Directions for this task: Below are lines of records; copy exactly those from the one containing "- Panama has" through the one containing "Милая мультяшная Сумка-тоут", leaving the pictures behind.

*** Given data Section Begins ***

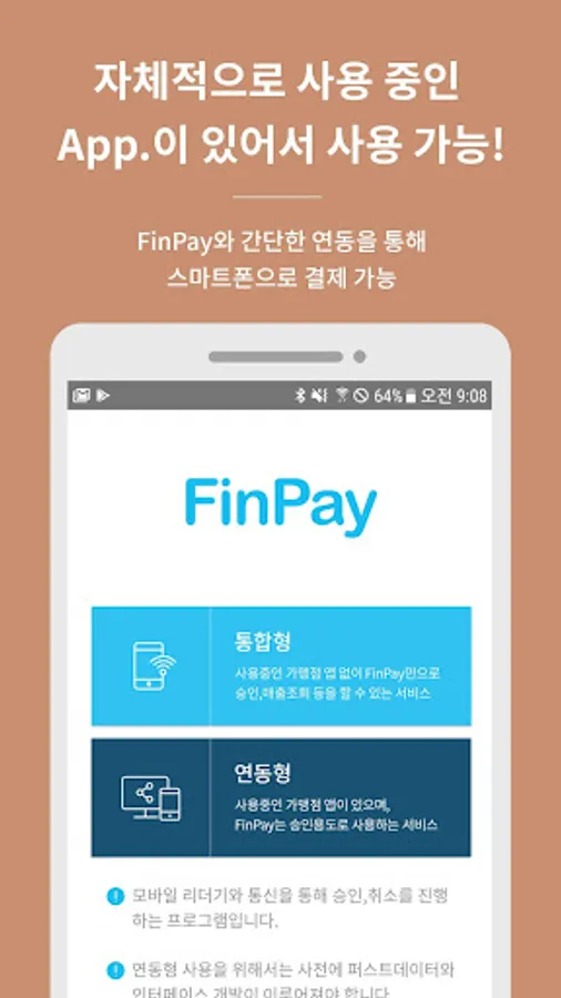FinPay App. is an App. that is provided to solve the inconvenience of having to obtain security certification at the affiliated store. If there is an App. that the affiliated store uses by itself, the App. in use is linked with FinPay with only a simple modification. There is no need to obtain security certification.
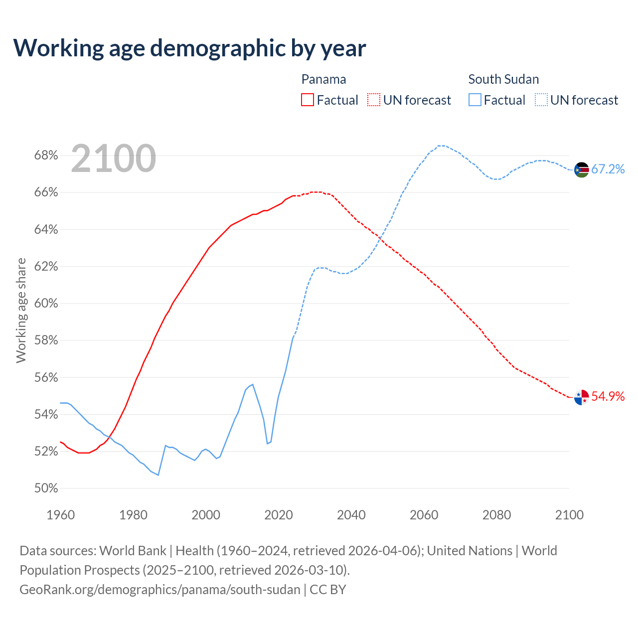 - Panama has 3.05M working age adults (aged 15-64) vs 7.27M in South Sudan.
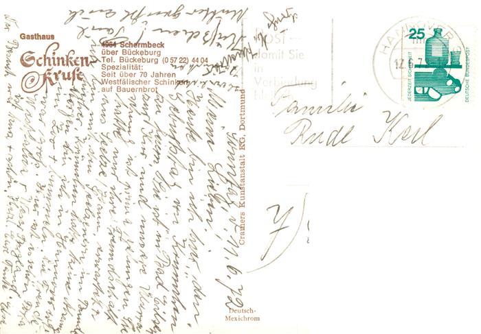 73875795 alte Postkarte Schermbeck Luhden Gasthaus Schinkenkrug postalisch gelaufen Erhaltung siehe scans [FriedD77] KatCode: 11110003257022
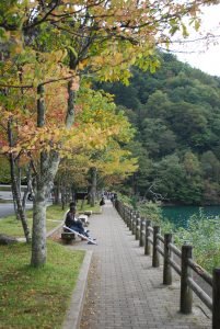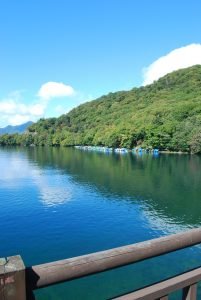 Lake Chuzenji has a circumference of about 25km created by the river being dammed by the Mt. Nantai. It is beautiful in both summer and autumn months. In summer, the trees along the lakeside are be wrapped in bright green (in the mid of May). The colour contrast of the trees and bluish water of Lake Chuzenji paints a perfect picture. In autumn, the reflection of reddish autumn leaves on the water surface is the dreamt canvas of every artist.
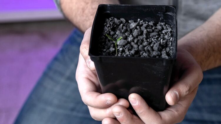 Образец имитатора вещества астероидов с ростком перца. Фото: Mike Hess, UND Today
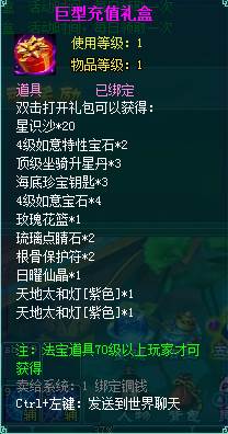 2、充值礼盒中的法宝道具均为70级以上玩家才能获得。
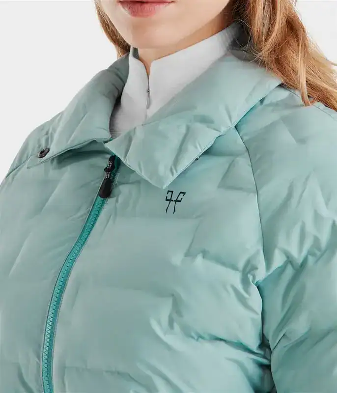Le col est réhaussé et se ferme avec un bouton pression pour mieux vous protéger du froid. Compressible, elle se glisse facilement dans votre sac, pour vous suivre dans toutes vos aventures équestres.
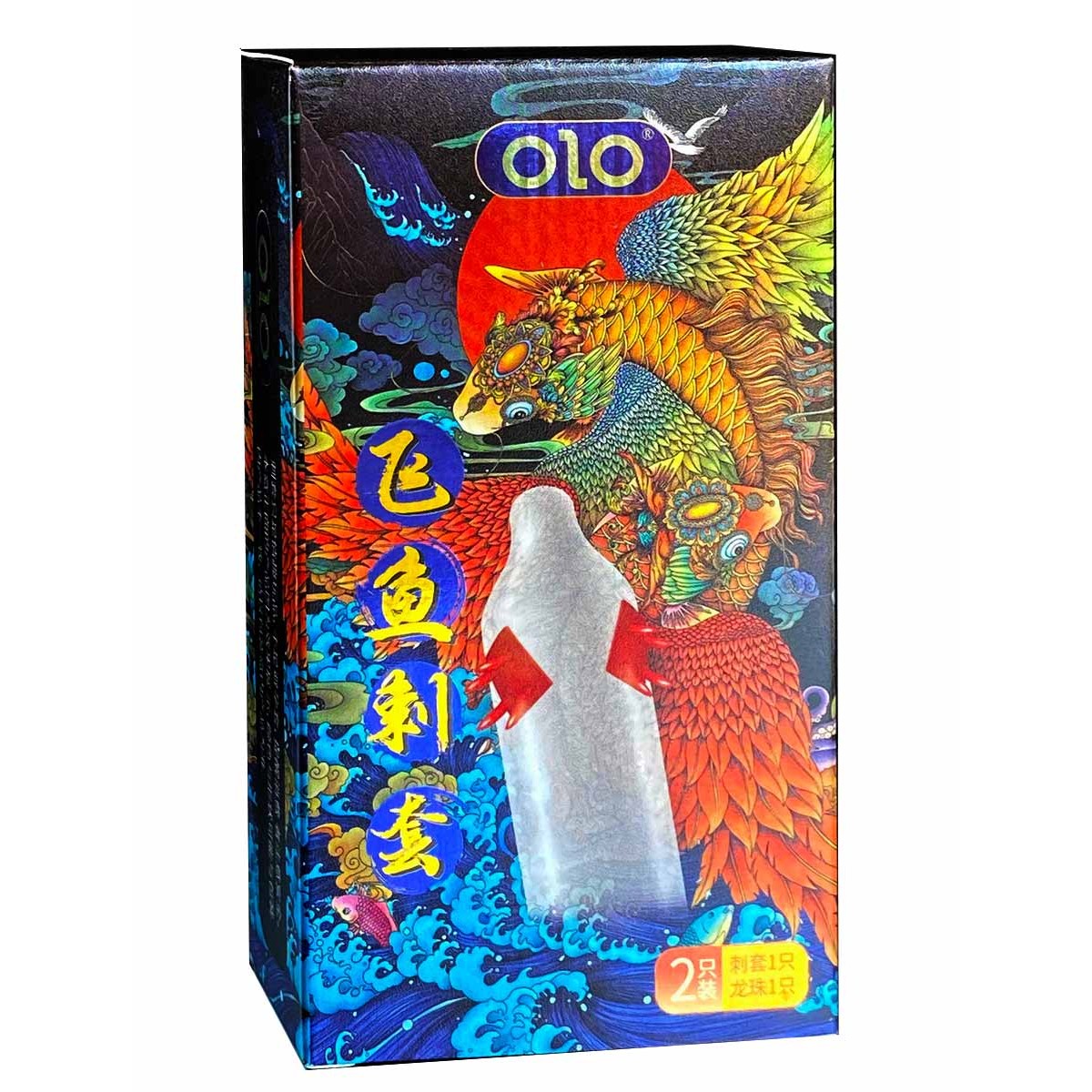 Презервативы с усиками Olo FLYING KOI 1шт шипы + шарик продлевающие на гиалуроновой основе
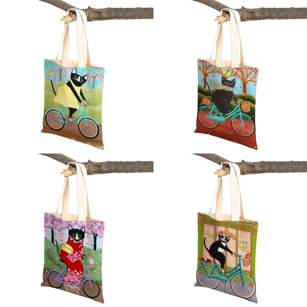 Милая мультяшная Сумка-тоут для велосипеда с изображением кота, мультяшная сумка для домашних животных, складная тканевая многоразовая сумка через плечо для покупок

*** Given data Section Ends ***
*** Given data Section Begins ***

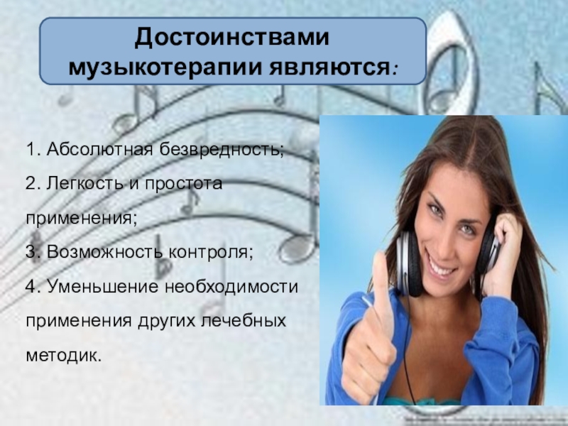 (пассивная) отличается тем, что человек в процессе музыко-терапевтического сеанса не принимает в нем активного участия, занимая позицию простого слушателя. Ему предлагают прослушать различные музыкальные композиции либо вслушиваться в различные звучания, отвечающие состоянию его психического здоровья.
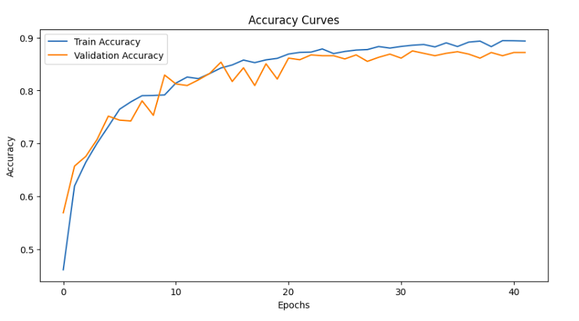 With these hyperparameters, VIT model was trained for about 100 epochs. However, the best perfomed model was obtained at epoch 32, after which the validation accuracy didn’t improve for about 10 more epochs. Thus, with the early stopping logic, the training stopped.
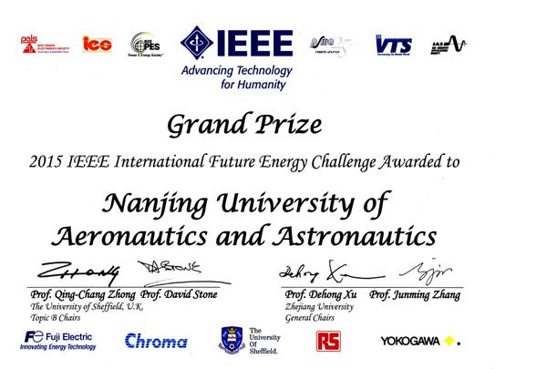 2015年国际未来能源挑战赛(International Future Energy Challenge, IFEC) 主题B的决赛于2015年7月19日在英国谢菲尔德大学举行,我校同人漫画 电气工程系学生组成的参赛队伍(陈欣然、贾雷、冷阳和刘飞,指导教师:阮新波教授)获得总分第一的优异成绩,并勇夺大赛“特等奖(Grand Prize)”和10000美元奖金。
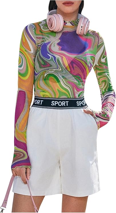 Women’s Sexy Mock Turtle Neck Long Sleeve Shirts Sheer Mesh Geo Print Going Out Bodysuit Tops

*** Given data Section Ends ***

Exercise solution:
 - Panama has 3.05M working age adults (aged 15-64) vs 7.27M in South Sudan.
 73875795 alte Postkarte Schermbeck Luhden Gasthaus Schinkenkrug postalisch gelaufen Erhaltung siehe scans [FriedD77] KatCode: 11110003257022
 Lake Chuzenji has a circumference of about 25km created by the river being dammed by the Mt. Nantai. It is beautiful in both summer and autumn months. In summer, the trees along the lakeside are be wrapped in bright green (in the mid of May). The colour contrast of the trees and bluish water of Lake Chuzenji paints a perfect picture. In autumn, the reflection of reddish autumn leaves on the water surface is the dreamt canvas of every artist.
 Образец имитатора вещества астероидов с ростком перца. Фото: Mike Hess, UND Today
 2、充值礼盒中的法宝道具均为70级以上玩家才能获得。
Le col est réhaussé et se ferme avec un bouton pression pour mieux vous protéger du froid. Compressible, elle se glisse facilement dans votre sac, pour vous suivre dans toutes vos aventures équestres.
 Презервативы с усиками Olo FLYING KOI 1шт шипы + шарик продлевающие на гиалуроновой основе
 Милая мультяшная Сумка-тоут для велосипеда с изображением кота, мультяшная сумка для домашних животных, складная тканевая многоразовая сумка через плечо для покупок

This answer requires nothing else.